WORK ORDER: What you return must be an exact copy of the lines in the listing below between the line holding "Horizontal toggle switch" and the line holding "Miesten Velvet Blazerit", inclusive, and nothing more.

PROVIDED MATERIAL:
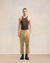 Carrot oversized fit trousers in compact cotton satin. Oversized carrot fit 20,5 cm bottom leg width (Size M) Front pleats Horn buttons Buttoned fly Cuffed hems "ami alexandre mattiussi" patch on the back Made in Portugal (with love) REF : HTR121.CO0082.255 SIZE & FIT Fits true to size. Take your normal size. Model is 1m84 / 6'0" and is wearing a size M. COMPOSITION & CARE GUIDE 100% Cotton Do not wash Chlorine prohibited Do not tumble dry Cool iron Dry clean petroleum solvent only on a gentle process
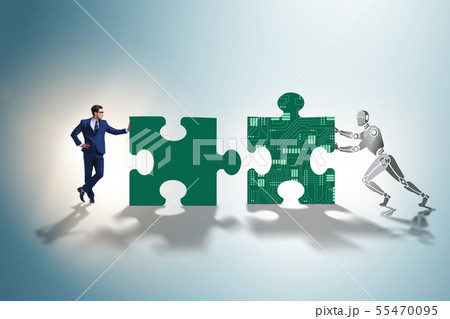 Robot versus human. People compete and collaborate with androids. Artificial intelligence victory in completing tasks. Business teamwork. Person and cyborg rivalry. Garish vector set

==

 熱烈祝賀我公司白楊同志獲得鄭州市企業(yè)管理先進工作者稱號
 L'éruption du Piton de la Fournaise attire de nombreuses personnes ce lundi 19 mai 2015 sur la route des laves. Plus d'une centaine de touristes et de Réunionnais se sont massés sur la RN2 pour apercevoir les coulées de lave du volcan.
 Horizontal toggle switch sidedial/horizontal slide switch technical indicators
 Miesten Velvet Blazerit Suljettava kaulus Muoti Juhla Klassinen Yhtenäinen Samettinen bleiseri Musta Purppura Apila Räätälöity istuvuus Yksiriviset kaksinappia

ANSWER TO THIS PROBLEM:
 Horizontal toggle switch sidedial/horizontal slide switch technical indicators
 Miesten Velvet Blazerit Suljettava kaulus Muoti Juhla Klassinen Yhtenäinen Samettinen bleiseri Musta Purppura Apila Räätälöity istuvuus Yksiriviset kaksinappia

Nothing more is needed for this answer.